Another feature unique to SARS is the occurrence of two repeating length-12 palindromes TTATAATTATAA spanning positions 22712–22723 and 22796–22807, all within 100 bases of the genome in the coding sequence of the surface-spike glycoprotein, which is important for virus entry and virus-receptor interactions (Yu et al. 2003). Both copies begin on the third position of a codon. Three amino acids Tyr-Asn-Tyr are coded by the second through tenth bases of the palindrome. No such repeating palindromes are observed in the corresponding glycoprotein-coding sequences for any of the other six coronaviruses. Probabilistic assessment of close repeating palindromes occurring in random sequences has yet to be formulated mathematically or estimated by simulation. (The method of Robin and Daudin 1999 can be used to assess the probability that a given palindrome repeats itself in close proximity.) If such an observation is found to be unlikely to occur by chance, then these repeating palindromes might be tested for potential regulatory functions. Large palindromes present in single-stranded RNA have the inherent ability to form double-stranded stem structures through the formation of intramolecular base pairs; thus, it is possible that these sequences form secondary RNA structures in the genomic RNA and in one or more subgenomic RNAs of the SARS virus. In many of the single-stranded RNA viruses, stem structures play important regulatory roles in genome replication or gene expression. It should be possible to investigate potential regulatory roles of these repeated length-12 palindromes by engineering silent mutations within these sequences such that the encoded protein is not altered but the palindromes and putative secondary structures are lost.

5. Concluding Remarks

While we hope that there will never be another outbreak of SARS, we believe that detailed analysis of the SARS genome sequence can help generate useful information for understanding the biology of the coronaviruses and perhaps other RNA viruses in general. This first exploration about palindromes in the coronavirus family generates many questions to be investigated in greater detail mathematically, computationally, as well as biologically.

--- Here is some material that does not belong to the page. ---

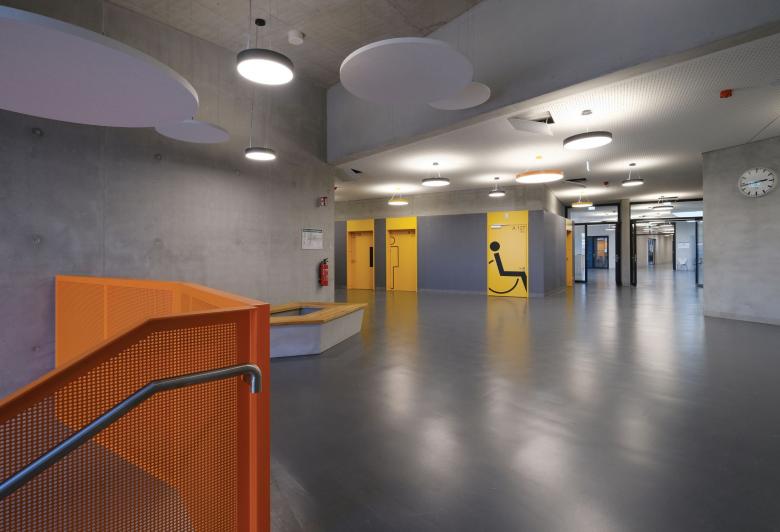 Die Haupterschließung erfolgt über den Vorplatz, an dem die zentralen Bereiche wie Mensa, Aula und Verwaltung untergebracht sind. Von dort erfolgt die witterungsgeschützte Erschließung aller unterschiedlichen Fachbereiche in die östlich bzw. westlich gelegenen Werkstattbereiche. Im Obergeschoss befinden sich vorwiegend Klassenzimmer und IFUs (Integrierte Fachunterrichtsräume), im Erdgeschoss die Werkstätten, Bau-, Kraftfahrzeug- und Lagerhallen.

Closely related to palindromes is the sequence feature of close inversion, which is a palindrome with its two halves separated by a short stretch of intervening nucleotides. These close inversions are well known to form stem-loop and other secondary structures involved in the viral recombination and packaging process (Rowe et al. 1997, Qin et al. 2003). We anticipate that a set of interesting and challenging questions in random-sequence models will again emerge from the analysis of close inversions.